INSTRUCTIONS TO FOLLOW. Exactly reproduce the lines from the one containing "DB 13/T 1081.19-2009" through the last line of the data, both ends included, leaving out pictures.

[TASK INPUTS]

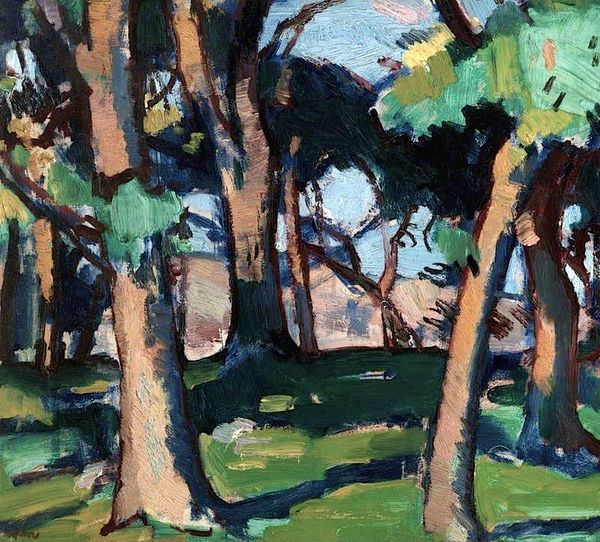 Henri Matisse made this "Corsican Landscape" painting using oil paint on canvas. These are traditional art materials, of course, yet how Matisse applied them is anything but traditional. The painting is made of visible brushstrokes, each one a record of the artist's hand moving across the canvas. The colors are intense and not directly representational; note how the ground plane is evoked with strokes of yellow and the sky with vibrant blue and white daubs. This way of working prioritizes the artist's direct experience and sensory impressions over realistic depiction. It is a painterly approach, one that celebrates the materiality of the medium itself. Matisse's direct manner of painting emphasizes individual expression and challenges the prevailing academic style of his time. Instead, he focused on the pleasures of looking, and of marking the surface with paint. In this regard, he shares common ground with many makers in the field of craft, where process and material sensibility are prized.
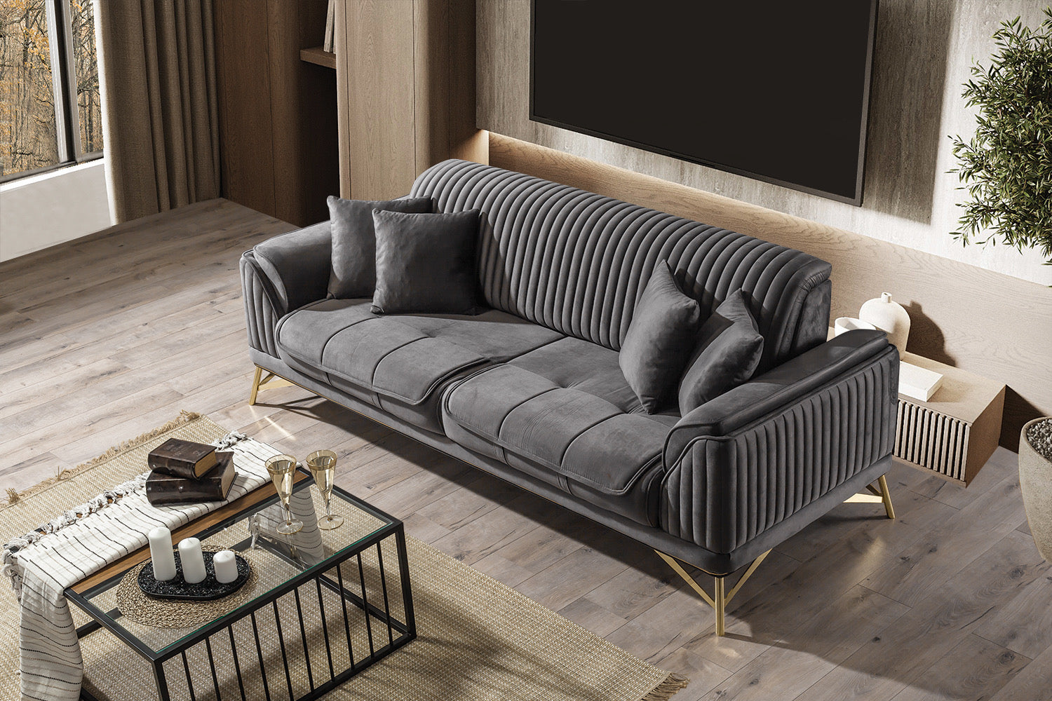 Magnum Soffgrupp är den perfekta möbeln för att skapa en bekväm och stilfull soffgrupp i ditt vardagsrum. Denna soffgrupp har en modern och elegant design som ger extra lyx till din inredning. Välj mellan olika storlekar och färger för att hitta den Magnum Soffgrupp som passar dig och ditt hem. Om färgen eller materialet som du önskar inte finns med på hemsidan vänligen kontakta kundtjänst på Kundservice@LineFurniture.se OBS! Uppfattning av nyansen kan skilja sig åt några få procent då det påverkas av skärmbild, skärmkvalité, ljusinställningar, ljussättning där produkten placeras och period av tillverkning av tyget.
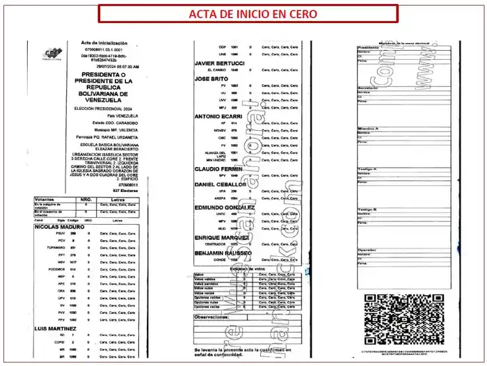 - La presentación de «actas cero», la que se imprime al inicio de la votación, como si fueran actas finales.
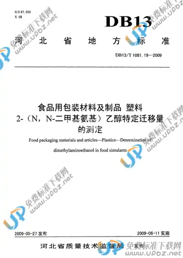 DB 13/T 1081.19-2009 食品用包装材料及制品 塑料 2-(n,n-二甲基氨基)乙醇特定迁移量的测定
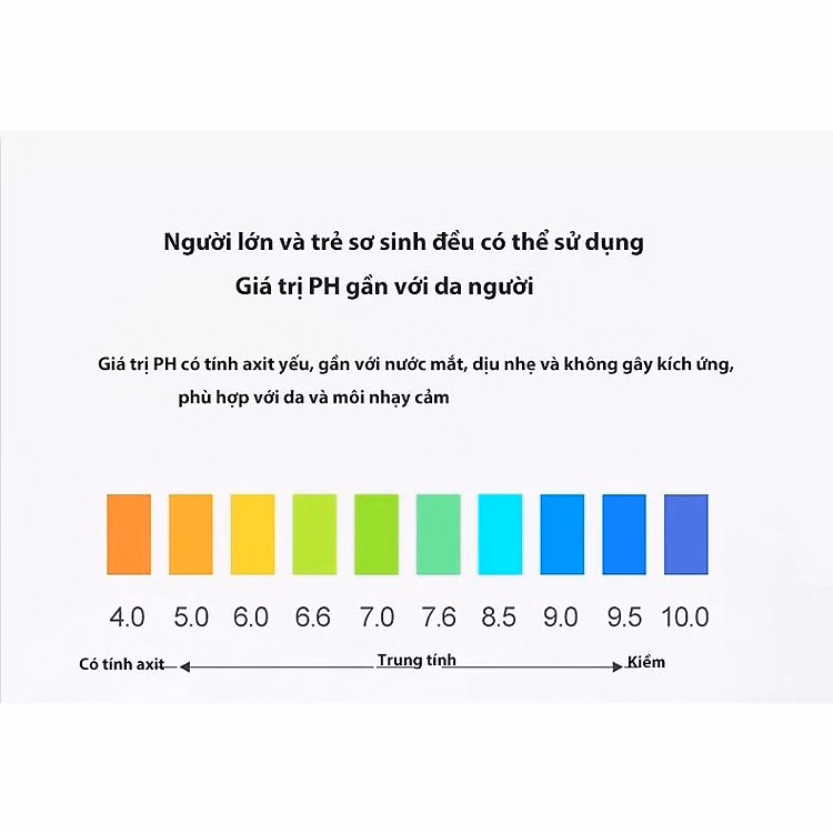 Không cồn, không chất tẩy trắng, không chất tạo mùi. Có thể sử dụng cho trẻ em
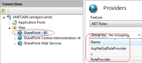 Select Sharepoint - 80 application from connections and Double click on .NET Roles
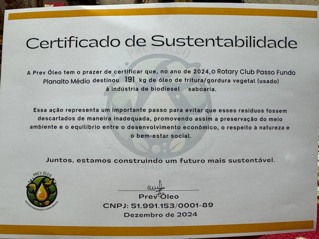 O Rotary Club de PF Planalto Médio continua recolhendo oleos de cozinha usados para a reciclagem. A magia do Rotary faz bem ao meio ambiente.
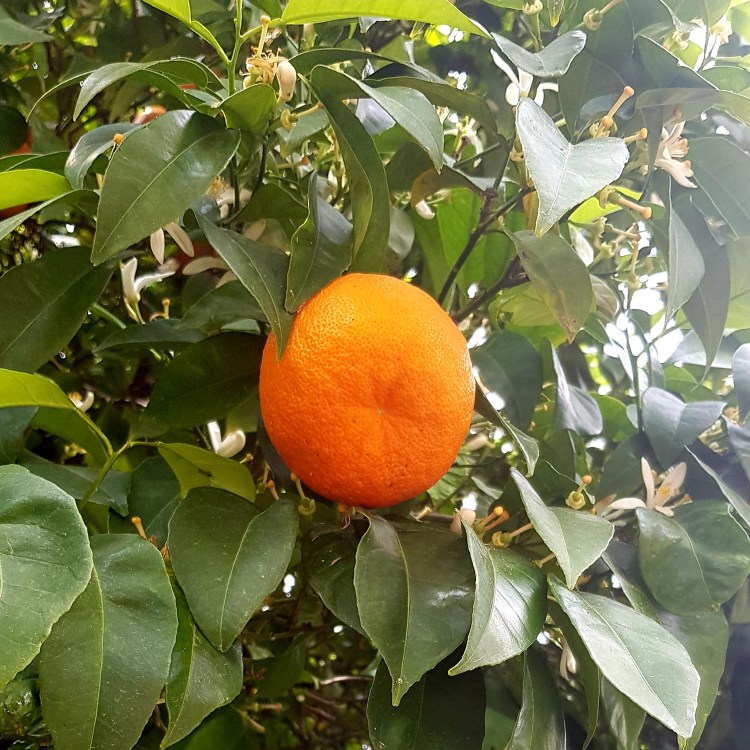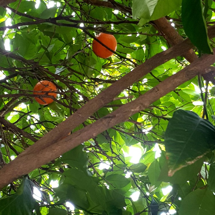 Oranges hang low.

[/TASK INPUTS]

RESPONSE AREA.
 DB 13/T 1081.19-2009 食品用包装材料及制品 塑料 2-(n,n-二甲基氨基)乙醇特定迁移量的测定
 Không cồn, không chất tẩy trắng, không chất tạo mùi. Có thể sử dụng cho trẻ em
 Select Sharepoint - 80 application from connections and Double click on .NET Roles
 O Rotary Club de PF Planalto Médio continua recolhendo oleos de cozinha usados para a reciclagem. A magia do Rotary faz bem ao meio ambiente.
 Oranges hang low.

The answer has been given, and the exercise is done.